Sie wartet noch einen weiteren Moment, blickt sich um, ehe sie ihren Weg fortsetzt. Vergessen ist das Geräusch, das sie wahrnahm.

"Oh!", ruft sie freudig aus, als sie nach dem Verstreichen einiger Zeit, sieht wie die Bäume sich lichten und den Blick auf eine ruhige dunkle Oberfläche preis geben.
Braunes Schilf säumt den kleinen Teich, der ruhig dar liegt.
"Es geschehen noch Zeichen und Wunder", sagt Emma und blickt gen Himmel.
Sie kniet sich ans Ufer und schöpft in die Schüssel Wasser.
Gerade, als sie sich aufrichtet und umdrehen will, knackt es laut hinter ihr.
In ihrer Bewegung erstarrt harrt sie aus.
Das Knacken war ganz nah und klang so, als ob es nicht von einem Hasen stammt.

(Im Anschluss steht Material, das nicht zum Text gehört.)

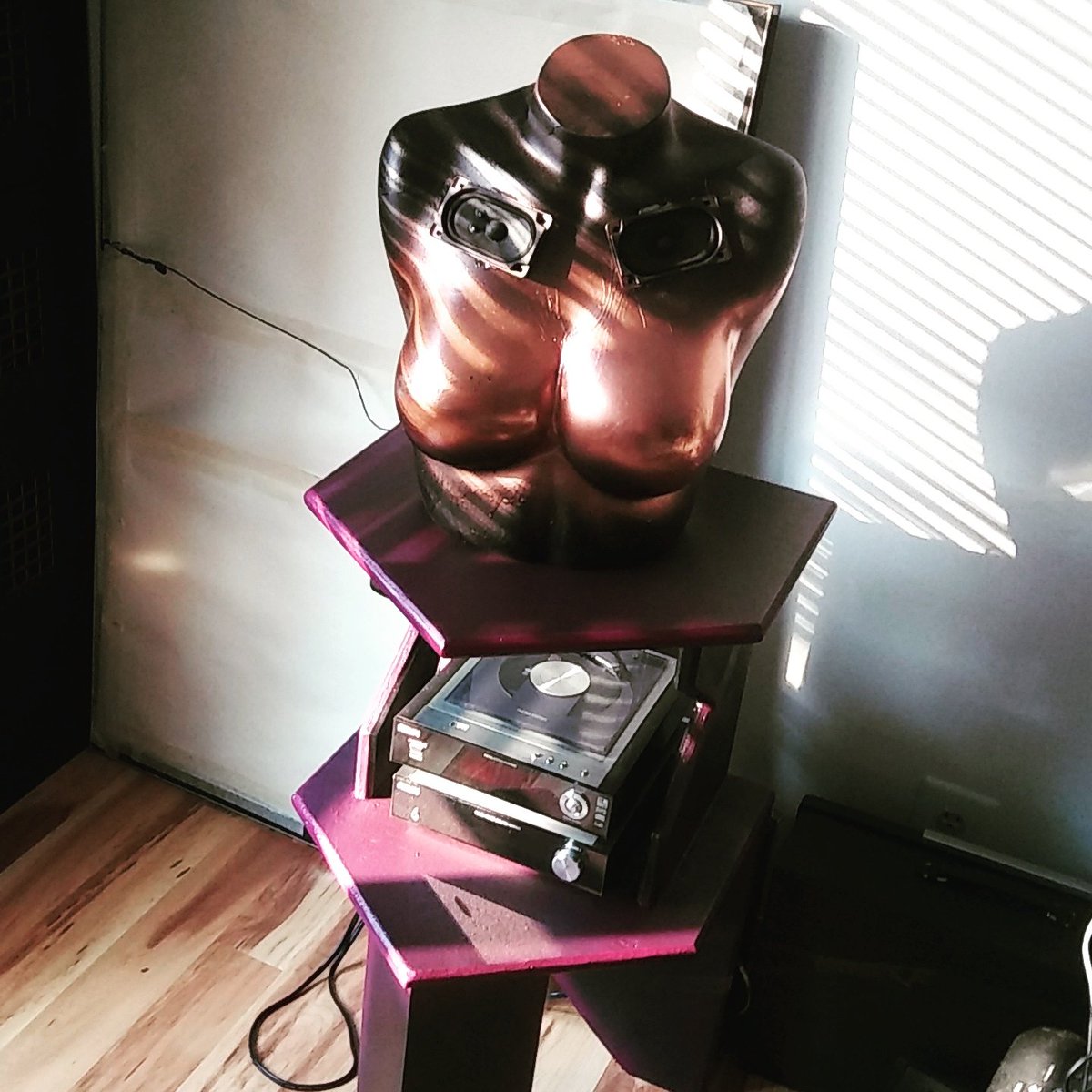 Morning light through the blinds sets off the stand I built for my new speakers.

Emma ist klar, wenn sie sich dieses nicht einbildete, dann muss da etwas größeres hinter ihr stehen.
Hoffentlich kein Wildschwein...
Angst erfüllt sie bei dieser Vorstellung und macht ihr das Atmen schwer.
Sie schließt die Augen und zählt leise bis drei.
Mit einer schnellen Bewegung, die das Wasser aus der Schüssel schwappen lässt, dreht sie sich um.